Clearly, $p \ge 3$.
Suppose that there exist $a,b$ such that $a^2+2b^2=p^2 (1) \Rightarrow 2b^2=(p+a)(p-a) (2) $
Consider the $gcd(p+a,p-a)$ which divides $2p$ and must therefore be either $1,2,p,2p$
Case 1: $gcd(p+a,p-a)=p \Rightarrow p|a $which gives a contradiction as the LHS in $(1)$ will be larger than the right hand side.
Case 2: $gcd(p+a,p-a)=2p \Rightarrow p|a$ which gives a contradiction as the LHS in $(1)$ will be larger than the right hand side.
Case 3: $gcd(p+a,p-a)=1 \Rightarrow p+a, p-a$ are both odd, which means the RHS in $(2)$ is odd, while the LHS is even. Contradiction.

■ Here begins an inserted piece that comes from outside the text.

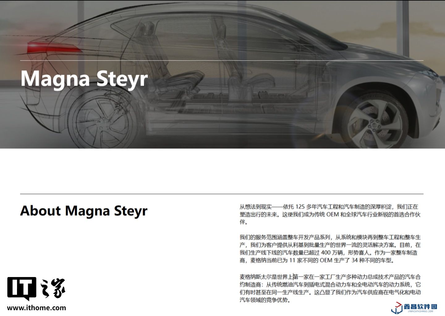 本站查詢獲悉,麥格納斯太爾原屬斯太爾-戴姆勒-普赫,現是麥格納的子公司,是全球汽車業最大的合約制造商。作為一家整車制造商,麥格納至少已為 11 家不同的 OEM 廠商生產了 34 種不同的車型(如梅賽德斯-奔馳、奧迪、菲亞特和標致汽車)。

Case 4: $gcd(p+a,p-a)=2 \Rightarrow b^2 = 2 \big( \frac{p+a}{2} \big) \big( \frac{p-a}{2} \big)$ so
either $\frac{p+a}{2}=x^2, \frac{p-a}{2}=2y^2 \Rightarrow p=x^2+2y^2$
or $\frac{p+a}{2}=2x^2, \frac{p-a}{2}=y^2 \Rightarrow p=2x^2+y^2$
In either case, $p \in A$